The `make()` function is a tool that can be applied to many types of workflows,
consisting of one or many R scripts. It is especially useful when the complete
workflow takes many minutes or hours to run. Changing one part of the analysis
will then update the related plots and tables, without rerunning every part of
the analysis.

## Your project

Most analyses resemble the `sequential` example above, dividing the workflow
into steps that run one after another. As an introductory example, the
`sequential` workflow consists of only three steps: model, plots, and tables.

In practice, it is usually practical to divide a workflow into more steps than
that, the first step being data preparation, such as importing, filtering,
aggregating, and converting the data to the format that the model expects.

If the model is non-trivial, it can be practical to have an output.R step
righter after model.R, extracting the results from the model-specific format to
a more general format that is easy to browse, tabulate, and plot.
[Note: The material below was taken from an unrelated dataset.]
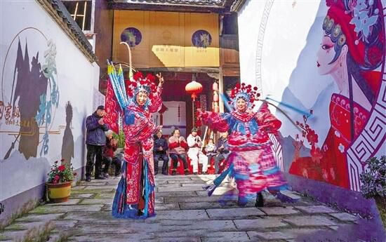 2023年12月22日,金华市澧浦镇郑店村村民池吉梅和叶志建在该村婺剧主题馆排练唱段。 拍友 缪小芬 摄

This way, the
model.R script can be very short, making it easy to see and understand the
modelling approach and configuration. Separating the fundamental modelling step
from the manual labor of data preparation and plotting can make an analysis more
open and reproducible - for others to browse and reuse.

The paradigm of using small dedicated scripts with clear input and output files
(read and write function calls near the beginning and end of each script) is
usually a better workflow design than managing a large monolithic script where
the user navigates between sections to run selected blocks of code.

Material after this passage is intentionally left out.